John Paul the Great University, a Southern California college the Newman Guide has recommended, is “a unique community of artists and innovators, centered around our faith in Jesus Christ and the beauty of the Catholic faith,” according to its website. The college strives “to create a campus environment where students grow in their relationship with Christ through Sacred Scripture, the Sacraments, and the Magisterial teaching of the Catholic Church.”
The school is seeking to raise $750,000 to cover the final costs of furniture and equipment for the new complex, according to a press release.
The school currently has 273 students, but its $18 million expansion project “aims to more than double the school’s academic footprint, an article in Angelus News states.
In 2006, Irish immigrant Dr. Derry Connolly founded the school after he visited Franciscan University of Steubenville in Ohio with his daughter, the article noted.
“A few moments in the school’s adoration chapel changed his life,” the article explained.
As he witnessed the number of devout young Catholics at Franciscan, the article continued, “he felt he was being called by God to do something with what he saw as an untapped spiritual natural resource.”
Connolly drew inspiration from Pope Saint John Paul II’s message at the 1992 World Communications Day.

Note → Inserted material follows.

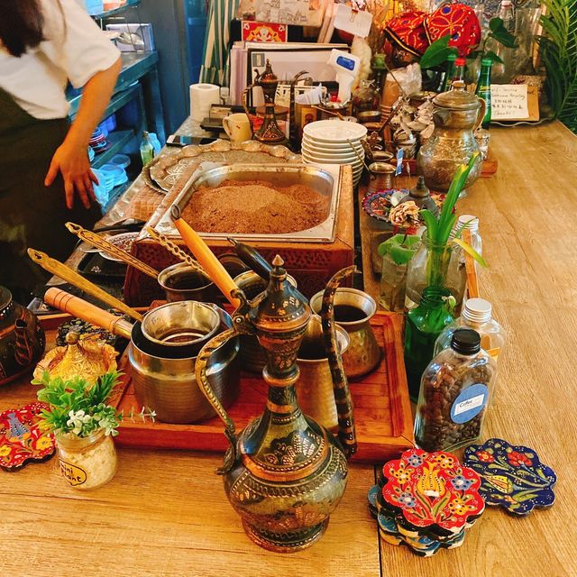 During the holiday, my friend drove me to a specialty restaurant in Ma Wan to eat Turkish food and watch the Turkish hot sand coffee workshop. The proprietress Grace and the boss Lanning were very friendly. If they had time, they would chat with the guests and share the people's livelihood, people's appearance, special attractions and food in Turkey. The restaurant has many Turkish-style decorations, such as different Turkish lamps and lots of Turkish pots and coffee cups. The whole store is filled with Istanbul style, and walking in feels like taking a trip to Türkiye. : : : : : : : : : : : : : : :

The Pope exhorted the media to share the Gospel:
The Christian response to evil is, above all, to harken to the Good News and to make God’s message of salvation in Jesus Christ ever more present. Christians have a ‘good news’ to tell. We have Christ’s message — and it is our joy to share it with every man and woman of good will who is prepared to listen.
Thus, John Paul the Great University was dedicated to “be a place where young creative men and women could hone their skills and learn new ones, in all the major disciplines of media arts, directing, acting, cinematography, animation, screenwriting,” according to Angelus News. The school aims to send students forth into mainstream culture to “give the culture what it lacked — voices coming from a theological and philosophical viewpoint centered on Christ.”
According to the article, Connolly summarized the school’s mission by recalling the words of a young graduate who majored in cinematography: “She said she came to JP the Great for Jesus first, and cinematography second.”